The Knuth-Morris-Pratt (KMP) algorithm is a string-matching algorithm that efficiently finds occurrences of a pattern string within a larger text string. It was developed by Donald Knuth, Vaughan Pratt, and James Morris in 1977 and is considered to be one of the most efficient string-matching algorithms.
The basic idea behind the KMP algorithm is to avoid unnecessary comparisons by using information from previous comparisons to determine where to begin the next comparison. Specifically, the algorithm precomputes a partial match table, which is used to determine the longest proper prefix of the pattern that is also a suffix of the pattern for each position in the pattern. This information is then used to determine where to begin the next comparison in the text string.
The KMP algorithm has a time complexity of O(m + n), where m is the length of the pattern and n is the length of the text string. This is because the precomputation of the partial match table takes O(m) time, and the matching of the pattern against the text string takes O(n) time.

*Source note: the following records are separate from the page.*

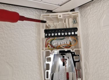 'Duidelijk te zien is dat de schroef niet op de juiste plaats zit. De afneembeveiliging wordt niet geactiveerd wanneer de melder van de muur gehaald wordt. Bij dit type melder dient bij risicoklasse 3 (EL3 / Grade 3) de schroef altijd linksboven te zitten.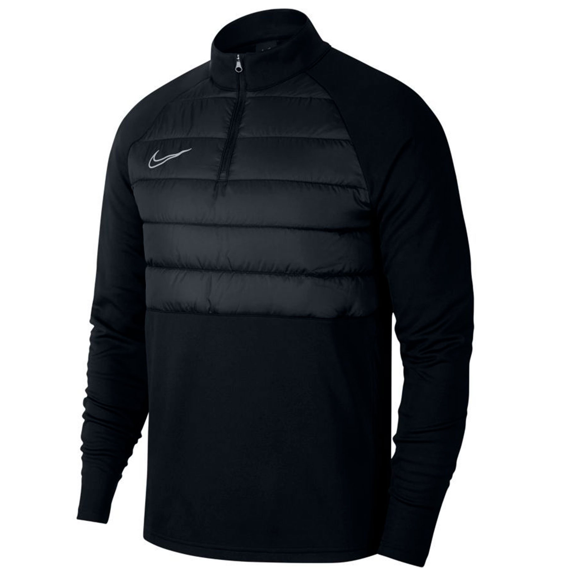 Тренировочный джемпер Nike Dri-FIT Academy Winter Warrior дополнен теплоизолирующей вставкой на груди, защищающей от влаги и сохраняющей тепло. Мягкая ткань с технологией Nike Dri-FIT отводит от кожи влагу. Манжеты со скрытыми отверстиями для больших пальцев фиксируют рукава и закрывают руки.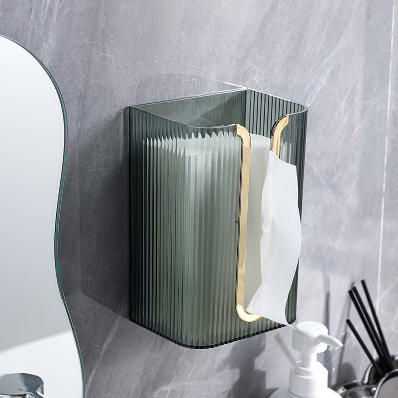 轻奢壁挂纸巾盒家用免打孔透明抽纸盒卫生间厕纸盒防疫口罩收纳盒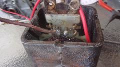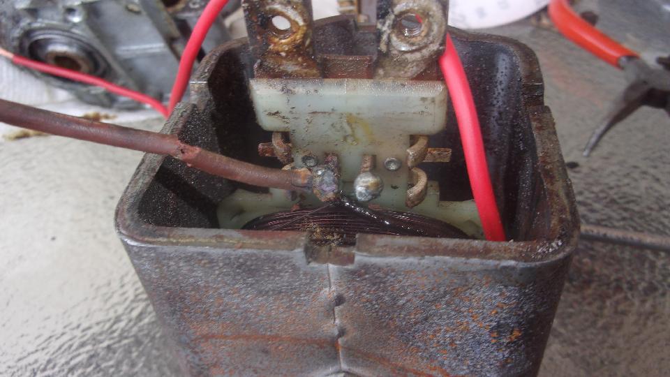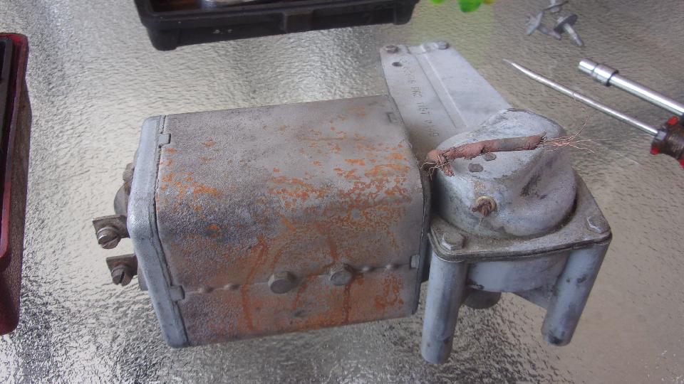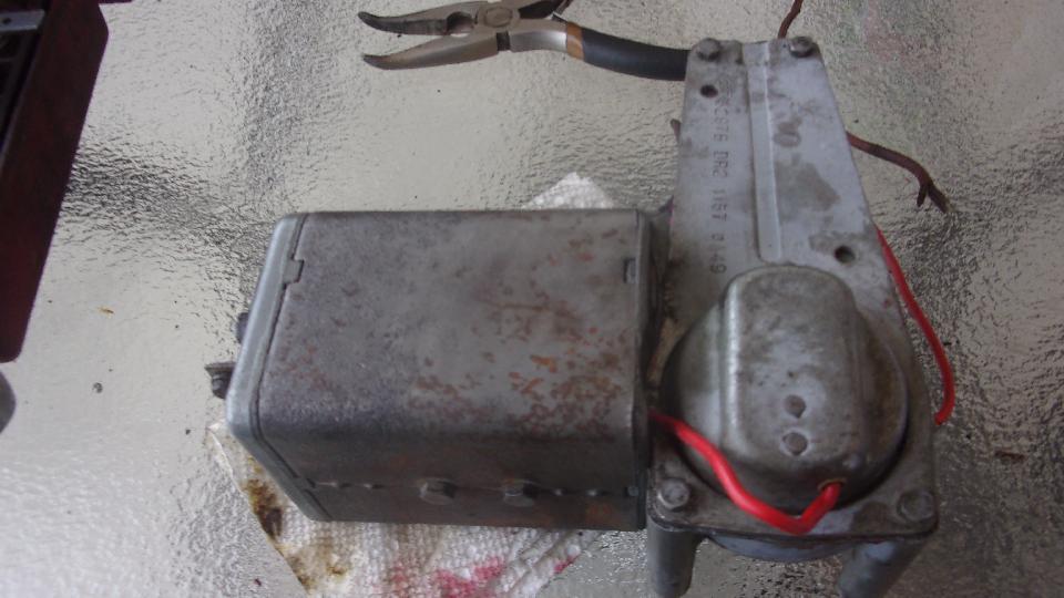 Then it was time to go after the wiper motor which had gotten so weak that it wouldn't move the wiper arms any more. I was guessing it had worn brushes, and I had procured new ones, but then a friend from Apache Junction, AZ gave us another wiper motor six weeks ago. I figured it should be easier to get that one working first, then just swap it into the car. It had a broken wire on the parking switch, so we proceeded to disassemble it for cleaning and to replace the broken wire.

The KMP algorithm is widely used in text editors, compilers, and other applications that involve searching for patterns within large text strings. It is particularly useful for searching for patterns that contain repeated substrings, since it can exploit the repetition to improve its efficiency.
fun kmp(text: String, pattern: String): List<Int> {
val n = text.length
val m = pattern.length
val lps = computeLPS(pattern)
var i = 0
var j = 0
val indices = mutableListOf<Int>()
while (i < n) {
if (text[i] == pattern[j]) {
i++
j++
}
if (j == m) {
indices.add(i - j)
j = lps[j - 1]
} else if (i < n && text[i] != pattern[j]) {
if (j != 0) {
j = lps[j - 1]
} else {
i++
}
}
}
return indices
}
kmp
function takes two string arguments: text
and pattern
. It first computes the longest proper prefix that is also a suffix of the pattern using the computeLPS
function. It then uses two pointers i
and j
to traverse the text and pattern strings, respectively. If a match is found, the pointers are incremented. If the entire pattern is found, the index is added to a list of indices. If there is a mismatch, the pointer j
is updated using the LPS array. The function returns the list of indices where the pattern is found in the text.

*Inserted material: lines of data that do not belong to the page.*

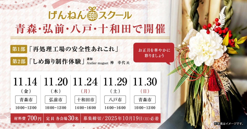 げんねんECOスクールに関するお問い合わせ・お申込後のキャンセルは必ずお電話『017-731-1563』でお願いします。受付時間:平日9時~17時 ※休館日を除く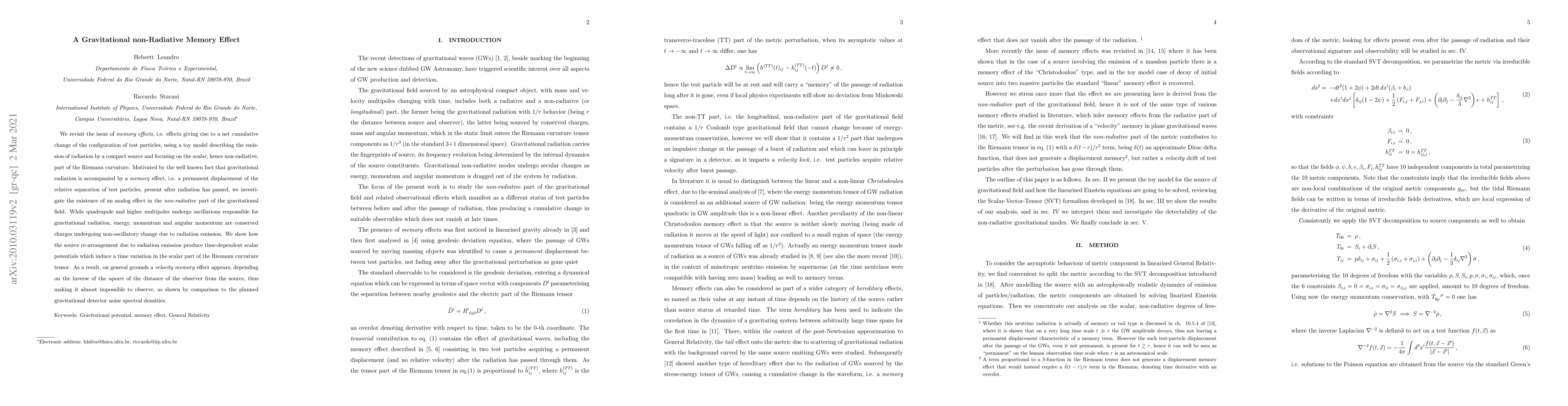 We revisit the issue of memory effects, i.e. effects giving rise to a net cumulative change of the configuration of test particles, using a toy model describing the emission of radiation by a compact source and focusing on the scalar, hence non-radiative, part of the Riemann curvature. Motivated by the well known fact that gravitational radiation is accompanied by a memory effect, i.e. a permanent displacement of the relative separation of test particles, present after radiation has passed, we investigate the existence of an analog effect in the non-radiative part of the gravitational field. While quadrupole and higher multipoles undergo oscillations responsible for gravitational radiation, energy, momentum and angular momentum are conserved charges undergoing non-oscillatory change due to radiation emission. We show how the source re-arrangement due to radiation emission produce time-dependent scalar potentials which induce a time variation in the scalar part of the Riemann curvature tensor. As a result, on general grounds a velocity memory effect appears, depending on the inverse of the square of the distance of the observer from the source, thus making it almost impossible to observe, as shown by comparison to the planned gravitational detector noise spectral densities.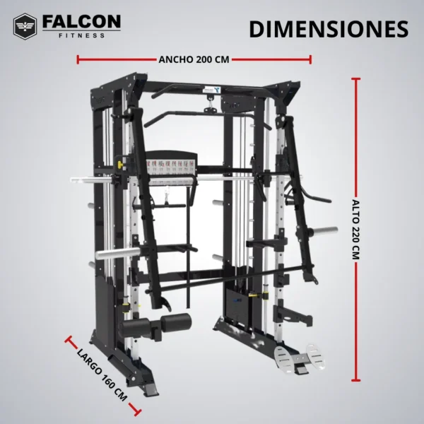 La Jaula Smith Machine Titán es perfecta para quienes buscan una multifuncional completa y segura, que permita hacer variedad de rutinas en un mismo lugar ya sea en un gimnasio o en el hogar. La Titán ofrece diferentes aditamentos como agarres crossover, plataforma para remo, estructura de dominadas, asiento para jalón, poleas ajustables entre otros. Esta multi gym ayuda a ahorra tiempo y esfuerzo ya que es fácil de usar y de adaptar a tus objetivos de entrenamiento, por lo que podrás fortalecer todos los músculos de tu cuerpo, subiendo progresivamente la resistencia con sus dos pilas de peso integrado individuales por lado.

fun computeLPS(pattern: String): IntArray {
val m = pattern.length
val lps = IntArray(m)
var len = 0
var i = 1
while (i < m) {
if (pattern[i] == pattern[len]) {
len++
lps[i] = len
i++
} else {
if (len != 0) {
len = lps[len - 1]
} else {
lps[i] = 0
i++
}
}
}
return lps
}
computeLPS(pattern: String): IntArray
– This function takes a string pattern as input and returns an integer array representing the longest proper prefix which is also a suffix for each position in the pattern. It uses the concept of LPS (Longest Prefix which is also a Suffix) to compute the array. It initializes the LPS value for the first character as 0 and then iterates through the remaining characters of the pattern. For each character, it compares the previous character’s LPS value and checks if it is equal to the current character. If they match, it increments the LPS value for the current character by 1. If not, it updates the LPS value by checking for the longest proper prefix which is also a suffix for the current character.

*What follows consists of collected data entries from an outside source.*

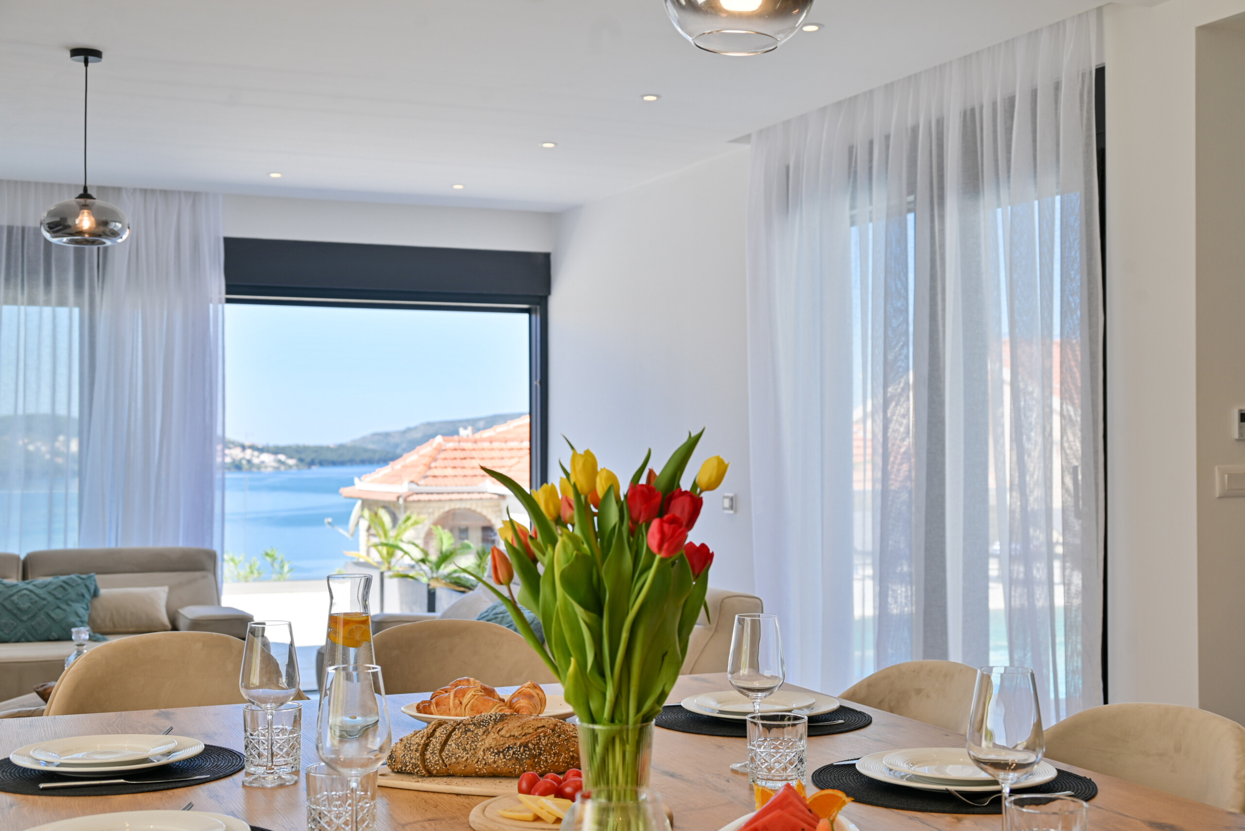 Villa Oasis is a luxury holiday retreat located in Trogir, perfectly positioned just a 5-minute drive from the UNESCO-listed Old Town Trogir and within walking distance of the beach. This contemporary and spacious villa provides everything needed for a perfect getaway, featuring superb sea views which will leave no one indifferent.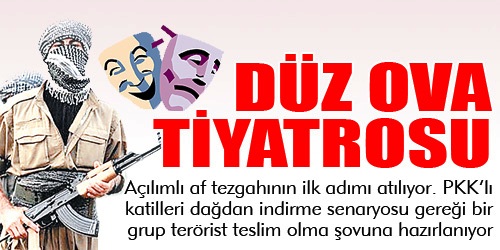 AKP’nin başlattığı, Öcalan’ın da sahiplendiği sözde Kürt açılımı tiyatroya dönüştü. Yıllarca Mehmetciğe kurşun sıkıp, çocuk yaşlı demeden katliam yapan bölücü örgüt üyeleri ‘açılımın önünü açmak’ için Habur sınır kapısında teslim olacak. Barış grubuymuş! TESLİM gösterisinde rol alacak 100 kişilik üç PKK’lı gruptan ikisi bugün Türkiye’ye giriş yapacak. Mahmur ve Kandil’den gelecek grupları, DTP Genel Başkanı Ahmet Türk ve bazı sözde aydınların olduğu kalabalık bir grup karşılayacak.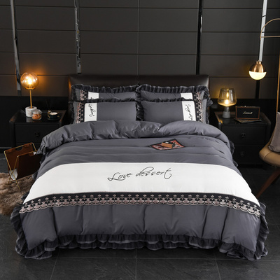 Roland Home Textiles chính thức hàng đầu lưới màu đỏ đơn giản phong cách Bắc Âu ga trải giường bốn mảnh bông chăn ga trải giường O - Bộ đồ giường bốn mảnh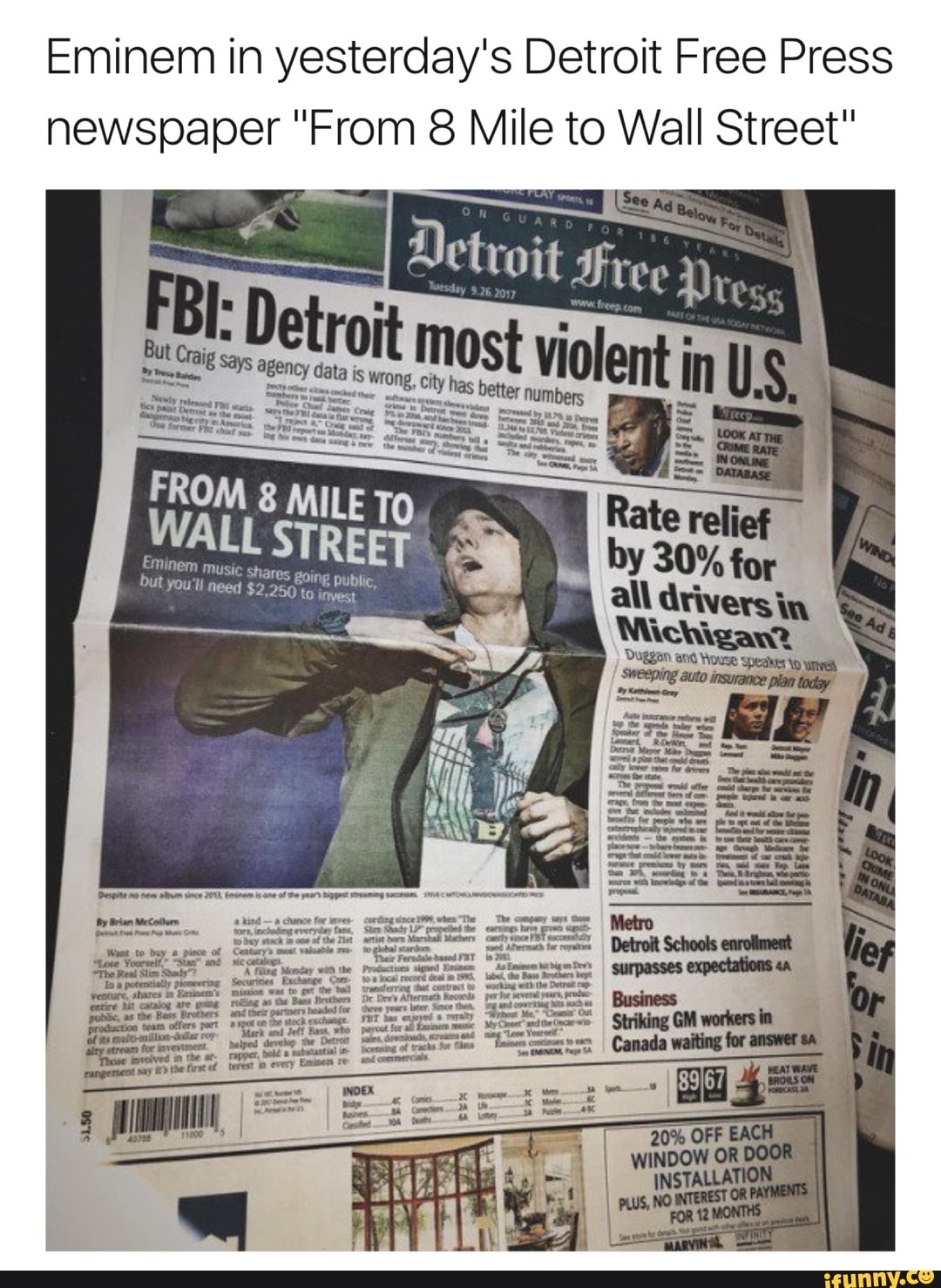 Eminem In Yesterday S Detroit Free Press Newspaper From 8 Mile To ifunny.co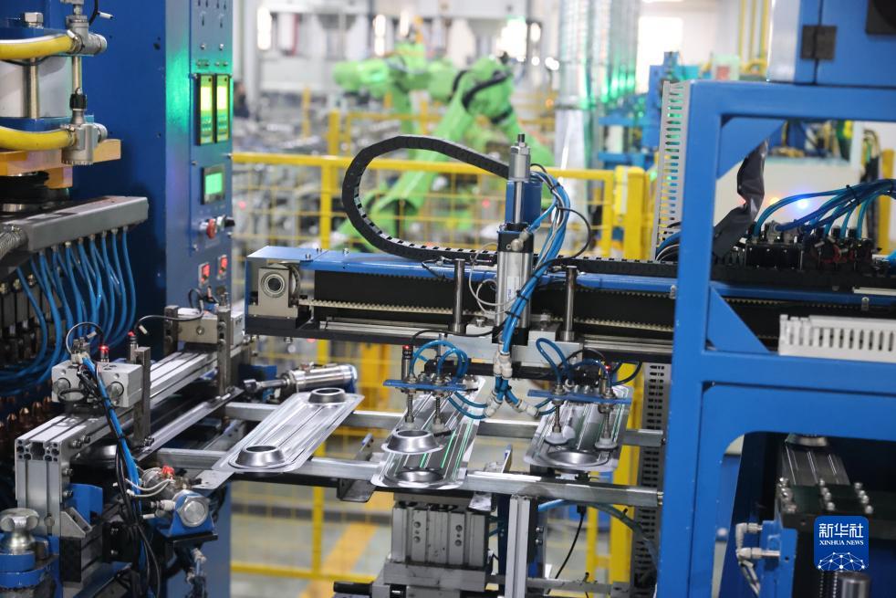 12月20日,在慈溪市觀海衛鎮一家取暖設備生産企業車間內,機械手生産取暖設備配件。

fun kmp(text: String, pattern: String): List<Int> {
val n = text.length
val m = pattern.length
val lps = computeLPS(pattern)
var i = 0
var j = 0
val indices = mutableListOf<Int>()
while (i < n) {
if (text[i] == pattern[j]) {
i++
j++
}
if (j == m) {
indices.add(i - j)
j = lps[j - 1]
} else if (i < n && text[i] != pattern[j]) {
if (j != 0) {
j = lps[j - 1]
} else {
i++
}
}
}
return indices
}
fun computeLPS(pattern: String): IntArray {
val m = pattern.length
val lps = IntArray(m)
var len = 0
var i = 1
while (i < m) {
if (pattern[i] == pattern[len]) {
len++
lps[i] = len
i++
} else {
if (len != 0) {
len = lps[len - 1]
} else {
lps[i] = 0
i++
}
}
}
return lps
}
fun main() {
val text = "ABABDABACDABABCABAB"
val pattern = "ABABCABAB"
val indices = kmp(text, pattern)
if (indices.isEmpty()) {
println("Pattern not found in text")
} else {
println("Pattern found at indices: $indices")
}
}
main
function demonstrates how to use the kmp
function to find a pattern in a text string. In this example, we search for the pattern “ABABCABAB” in the text “ABABDABACDABABCABAB”. If the pattern is found, the indices at which it occurs are printed. If the pattern is not found, a message is printed indicating that it was not found.
Output : Pattern found at indices: [10]